“你看他们,”陈默朝窗外示意,“简单的快乐。我们这代人好像总在追求更复杂的东西——更成功的事业,更完美的关系,更深刻的意义。有时候忘了,快乐可以很简单。”
“观察而不评判,”林璇玑轻声说,“也许也包括不对自己的快乐设限——非要达到某个标准才算‘值得快乐’。”
“没错。”陈默看了看表,“我得走了,合伙人还在等我。对了,下周的线下工作坊你参加吗?”
“参加,说是要去一个特别的地方。”
“对,西山脚下的一家禅修中心。”陈默站起身,“会有半天的静坐练习。建议你穿宽松的衣服。”
他离开后,林璇玑又在书店待了一会儿。她买了几本书,结账时看到收银台旁边的小黑板上写着一句话:“我们读过的书,走过的路,遇见的人,最终都会成为自己。”
抱着书走出书店时,阳光正好。她忽然不那么急着回公寓处理工作邮件了,而是决定去附近的公园走走。
秋日的公园色彩斑斓。

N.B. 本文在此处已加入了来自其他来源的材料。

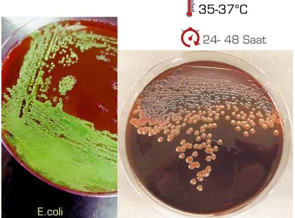 Escherichia coli ; 2-3 mm çaplı, metalik yeşil parıltılı, koyu ve siyah merkezli

银杏金黄,枫叶火红,松柏深绿,天空是洗过的蓝色。长椅上,老人慢悠悠地晒太阳;小径上,孩子追逐着落叶;湖边,年轻人在写生。
林璇玑找了张空长椅坐下,拿出手机,打开备忘录,开始做这周的观察作业。
观察对象:公园里的老人(约70岁,男性)
时间:上午10:15-10:20
事实记录:
坐在长椅左侧,背挺直,双手放在膝上
目光平静地望向湖面,约每分钟眨眼睛8-10次
嘴唇微微抿着,嘴角有很浅的上扬弧度
呼吸平稳,胸腔起伏幅度很小
期间有两只麻雀落在脚边,他低头看麻雀约30秒,然后重新望向湖面
风吹落树叶时,他的目光跟随其中一片叶子,从枝头落到地面
5分钟内没有看手机,没有改变姿势,没有自言自语
写到这里,林璇玑停住了。按照要求,她应该停止,不做任何解读。
但她忍不住想:这位老人在想什么?是回忆往事,还是单纯享受阳光?他的平静是因为阅历,还是因为此刻的专注?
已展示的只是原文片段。